• [Task instructions]
Exact reproduction is required for the lines below starting at the line with "- Natural peppermint" and ending at the line with "The Encore 1/2", both included. No other lines, and no pictures.

• [Listed records]
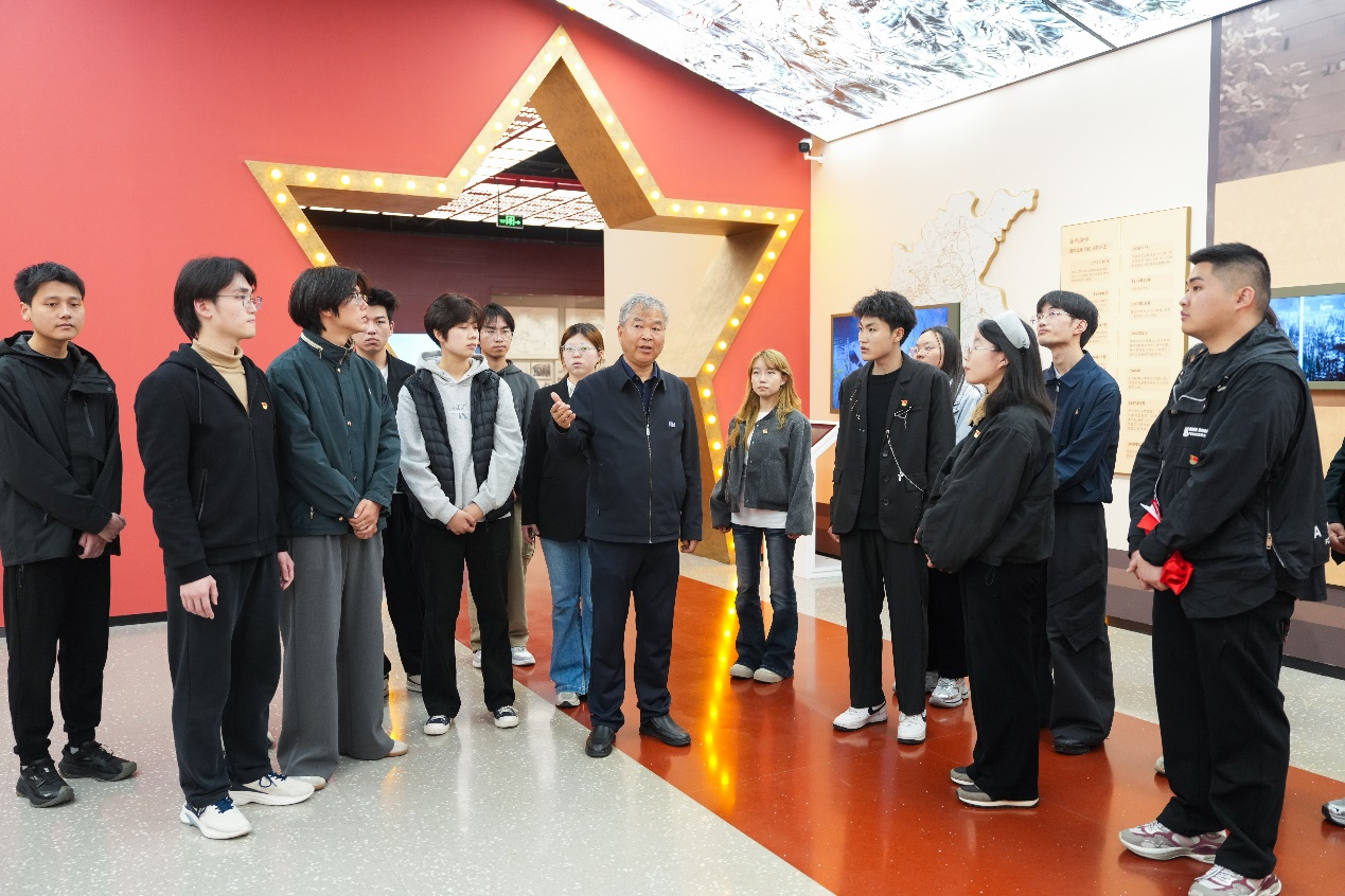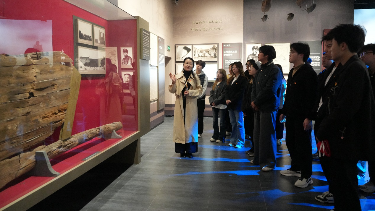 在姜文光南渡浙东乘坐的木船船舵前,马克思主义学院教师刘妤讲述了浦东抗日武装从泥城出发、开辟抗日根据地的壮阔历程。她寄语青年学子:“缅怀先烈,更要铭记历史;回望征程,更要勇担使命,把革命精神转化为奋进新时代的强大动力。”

* * *

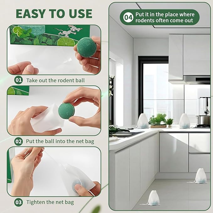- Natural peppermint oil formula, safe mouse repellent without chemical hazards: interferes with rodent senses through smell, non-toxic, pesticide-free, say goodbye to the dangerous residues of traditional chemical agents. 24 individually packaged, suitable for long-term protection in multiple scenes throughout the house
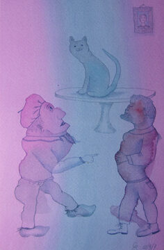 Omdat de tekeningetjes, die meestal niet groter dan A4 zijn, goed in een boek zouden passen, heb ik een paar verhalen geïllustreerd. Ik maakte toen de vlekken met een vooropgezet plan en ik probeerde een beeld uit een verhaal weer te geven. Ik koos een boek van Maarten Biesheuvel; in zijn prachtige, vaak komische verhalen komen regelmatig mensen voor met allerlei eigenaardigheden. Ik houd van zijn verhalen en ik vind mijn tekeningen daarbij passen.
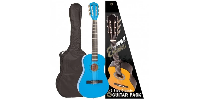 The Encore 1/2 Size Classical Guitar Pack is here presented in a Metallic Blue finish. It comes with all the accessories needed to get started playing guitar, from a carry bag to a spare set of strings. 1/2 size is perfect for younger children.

• [Response]
- Natural peppermint oil formula, safe mouse repellent without chemical hazards: interferes with rodent senses through smell, non-toxic, pesticide-free, say goodbye to the dangerous residues of traditional chemical agents. 24 individually packaged, suitable for long-term protection in multiple scenes throughout the house
 Omdat de tekeningetjes, die meestal niet groter dan A4 zijn, goed in een boek zouden passen, heb ik een paar verhalen geïllustreerd. Ik maakte toen de vlekken met een vooropgezet plan en ik probeerde een beeld uit een verhaal weer te geven. Ik koos een boek van Maarten Biesheuvel; in zijn prachtige, vaak komische verhalen komen regelmatig mensen voor met allerlei eigenaardigheden. Ik houd van zijn verhalen en ik vind mijn tekeningen daarbij passen.
 The Encore 1/2 Size Classical Guitar Pack is here presented in a Metallic Blue finish. It comes with all the accessories needed to get started playing guitar, from a carry bag to a spare set of strings. 1/2 size is perfect for younger children.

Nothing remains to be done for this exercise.